Hei Jan. Jeg schick dir eine PN


----------



## Honeyball (8. Februar 2005)

*AW: Forellenfluss in der Nähe vom Gronsfjord?*

@trond   |wavey: 
Warum stellst Du es nicht öffentlich rein?
Es gibt doch noch mehr Boardies, für die die Info interessant sein könnte.


----------



## trond (9. Februar 2005)

*AW: Forellenfluss in der Nähe vom Gronsfjord?*

Weil ich dann noch mehr schlechte Mails von einigen "Norwegenkennern" bekomme. Ich møchte keinen Streit. 

Janbr ich habe vergessen die 2. Antwort. Ich schicke sie dir. Es gibt 4 Seen wo du angeln kannst.


----------



## Honeyball (9. Februar 2005)

*AW: Forellenfluss in der Nähe vom Gronsfjord?*



			
				trond schrieb:
			
		

> Weil ich dann noch mehr schlechte Mails von einigen "Norwegenkennern" bekomme. Ich møchte keinen Streit.



Kann ich irgendwie verstehen, dass Du sauer bist, wenn Dich hier einzelne Personen dumm anmachen. Schade, für uns andere, die Tipps und Empfehlungen von jemanden, der sich das ganze Jahr über in Südnorge auskennt, mit Begeisterung und Dankbarkeit aufsaugen.


----------



## trond (9. Februar 2005)

*AW: Forellenfluss in der Nähe vom Gronsfjord?*

Hei Honeyball. 

Ich bin nicht sauer. Ich respektiere die Ansicht. Ein junger Mensch muss einem aelteren zuhøren. Ich bin ja noch nicht erwachsen. Dann bin ich auch nur Gast hier. 
Ich konnte zuerst mit Worten wie: "Halt ja die Schnauze du W........" und andere Worte nichts anfangen. Ich habe die Mails dann im Zusammenhang mit meinen Beitraegen analysiert. Dann habe ich das mit meinem Bruder besprochen.
Seit ich nur wenig zu Fischstellen sage, es ist weniger mit den Mails geworden. Als Auslaender møchte ich nicht Grund fuer ein Streit sein.

Bitte keine Diskussion darueber. Es fuehrt zu keinem Ergebnis.


----------



## Honeyball (10. Februar 2005)

*AW: Forellenfluss in der Nähe vom Gronsfjord?*



			
				trond schrieb:
			
		

> ... Ich respektiere die Ansicht. Ein junger Mensch muss einem aelteren zuhøren. Ich bin ja noch nicht erwachsen. ....
> Bitte keine Diskussion darueber.

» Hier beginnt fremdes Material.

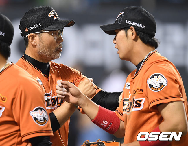 최진행이 3번이나 2군에 내려간 반면 하주석은 개막 후 한 번도 1군에서 제외되지 않았다. 주전 유격수로서 수비 공헌도가 크기 때문이다. 규정타석 타자 중 최저 타율로 떨어진 하주석을 계속 빼지 않자 하주석을 두고 '한용덕 감독의 양아들'이란 소리까지 나오고 있다. 한용덕 감독도 팬들의 원성을 잘 안다.

Es fuehrt zu keinem Ergebnis.



Hi Trond, |wavey: 

Du hast recht, dass es sinnlos ist, darüber zu diskutieren.
Auf jeden Fall ist mir ein junger Mensch mit festem Charakter so wie Du um Längen lieber als jeder sogenannte Erwachsene, der die von Dir zitierten Worte von sich gibt.
Ich respektiere Deine Einstellung und bedaure, dass es so dazu gekommen ist. Hoffentlich gibt es noch ausreichend Gelegenheit für uns, Dir positiv gegenüber zu treten.


----------